Simulated Author's Rebuttal

3 responses · 0 unresolved

We thank the referee for the detailed and constructive comments, which highlight important aspects of the theoretical guarantee in PE-MHL. We address each major comment below, providing clarifications based on the manuscript's construction and indicating revisions where they strengthen the presentation without altering the core claims.

read point-by-point responses

Referee: [Abstract] Abstract: the central claim that 'with a least-squares initialization of each new sub-model, the training error is monotonically non-increasing ... and provably converges' is asserted without any derivation steps, proof outline, or explicit statement of the required assumptions (linearity in parameters, convexity of the loss, or freezing of prior modules).

Authors: We agree that the abstract's brevity omits the proof outline and assumptions. Section 3 of the manuscript derives the guarantee under the conditions that prior sub-models remain frozen, each new sub-model is linear in its parameters, and the loss is convex in those new parameters, allowing the least-squares solution on the residual to ensure monotonic non-increase. In revision, we will add a concise statement of these assumptions and a high-level proof sketch to the abstract and introduction for self-containment. revision: yes
Referee: [Abstract / Method (theoretical guarantee)] The guarantee is load-bearing for the entire contribution, yet the construction is applied to a nonlinear NARX benchmark whose sub-models are coupled and non-convex; the skeptic correctly notes that least-squares initialization alone does not guarantee monotonicity or preservation of prior components unless the addition is strictly linear in feature space and previous parameters are held fixed—neither condition is shown to hold.

Authors: The PE-MHL construction explicitly freezes prior parameters during least-squares initialization of each new sub-model on the current residual. For the nonlinear NARX benchmark, sub-models are implemented as linear-in-parameter expansions (e.g., via fixed basis functions), ensuring the least-squares step minimizes error for the added module without altering prior components. We will revise the method section to explicitly confirm these conditions and their applicability to the reported experiments. revision: partial
Referee: [Abstract] The least-squares initialization step itself constitutes a data-driven fitting procedure, so the claimed 'derivation' of the error bound is circular with respect to the training data; this dependency is not reconciled with the framing of the result as a parameter-free or purely constructive guarantee.

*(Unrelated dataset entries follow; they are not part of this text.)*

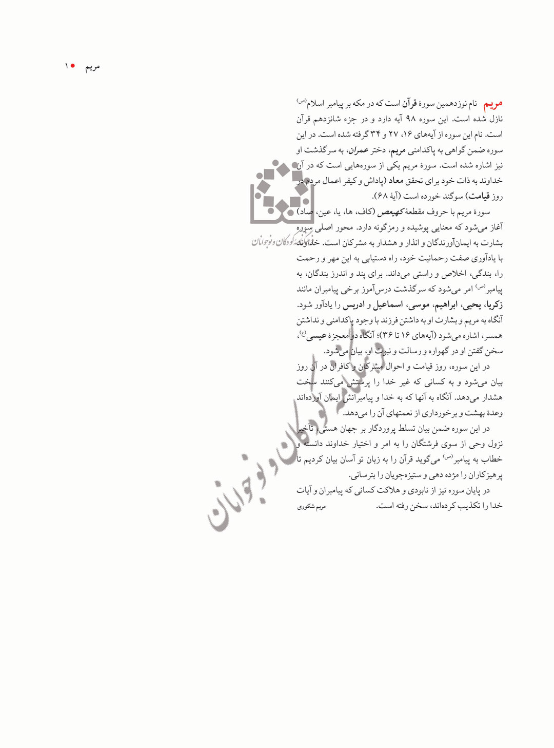 مریم نام نوزدهمین سورۀ قرآن است که در مکه بر پیامبر اسلام(ص) نازل شده است. این سوره 98 آیه دارد و در جزء شانزدهم قرآن است. نام این سوره از آیه‌های 16، 27 و 34 گرفته شده است. در این سوره ضمن گواهی به پاکدامنی مریم، دختر عمران، به سرگذشت او نیز اشاره شده است. سورۀ مریم یکی از سوره‌هایی است که در آن خداوند به ذات خود برای تحقق معاد (پاداش و کیفر اعمال مردم در روز قیامت) سوگند خورده است (آیۀ 68).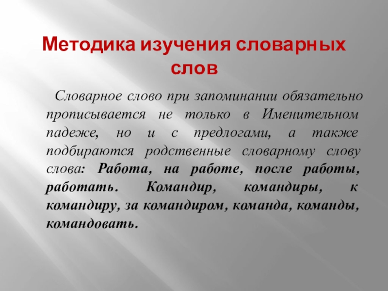 прописывается не только в Именительном падеже, но и с предлогами, а также подбираются родственные словарному слову слова: Работа, на работе, после работы, работать. Командир, командиры, к командиру, за командиром, команда, команды, командовать.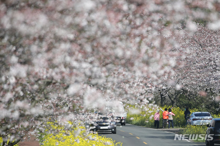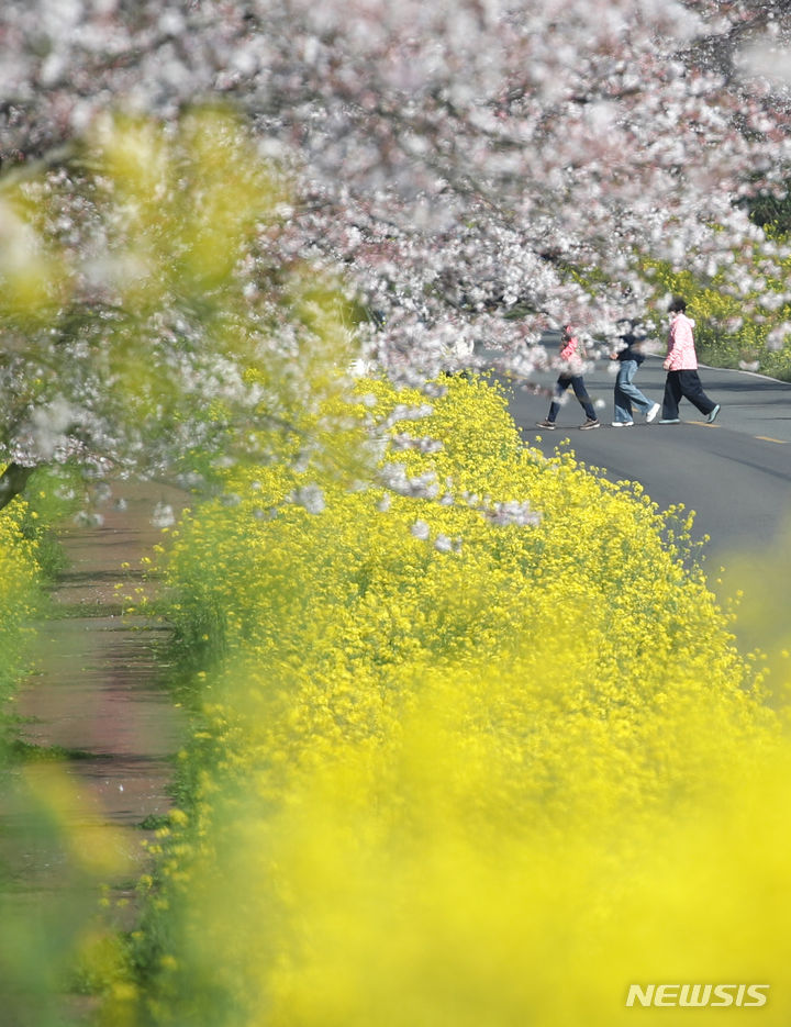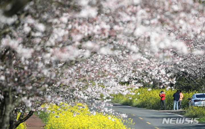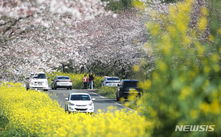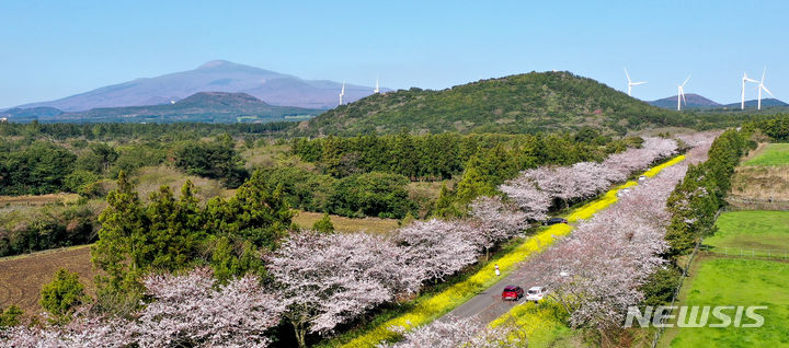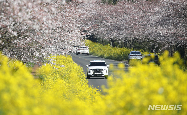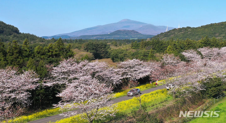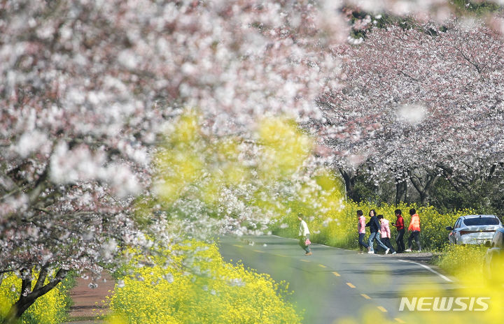 穏やかな陽気となった1日午前、済州道西帰浦市表善面鹿山路では桜と菜の花が咲き乱れ、まさに春本番といった雰囲気を漂わせていた。

Authors: The guarantee is framed as constructive rather than parameter-free: for any given training dataset, the least-squares optimality on the residual ensures the training error is non-increasing because the new sub-model can achieve at least the error of the zero function. This follows directly from the projection property of least-squares and holds for the specific data without circularity in the derivation; the result depends on the data only insofar as any empirical guarantee must. No revision is needed as the manuscript does not claim independence from data. revision: no

Circularity Check

0 steps flagged

No significant circularity in derivation chain

full rationale

The paper presents a theoretical guarantee that least-squares initialization of each added sub-model yields monotonically non-increasing training error and convergence. This follows directly from the standard properties of least-squares minimization when extending the model, without reducing to a self-referential definition or a fitted quantity renamed as an independent prediction. No self-citation chains, uniqueness theorems, or ansatzes imported from prior author work are invoked as load-bearing steps. The empirical results on NARX and Quanser Aero benchmarks are separate from the theoretical claim and do not rely on it for validation. The derivation is therefore self-contained.

Axiom & Free-Parameter Ledger

1 free parameters · 1 axioms · 1 invented entities

The central claim rests on the domain assumption that least-squares initialization of added sub-models preserves prior learning and produces the monotonic error property; the framework itself is a newly introduced modular entity.

free parameters (1)

number of sub-models
Chosen to control added complexity while maintaining the error guarantee.

axioms (1)

domain assumption Least-squares initialization of each new sub-model ensures the training error is monotonically non-increasing
Invoked as the basis for the theoretical guarantee in the abstract.

invented entities (1)

Physics-Encoded Modular Hybrid Layer (PE-MHL) sub-models no independent evidence
purpose: Incremental data-driven components added to a physics baseline
Newly proposed modular structure whose independent validation is not supplied in the abstract.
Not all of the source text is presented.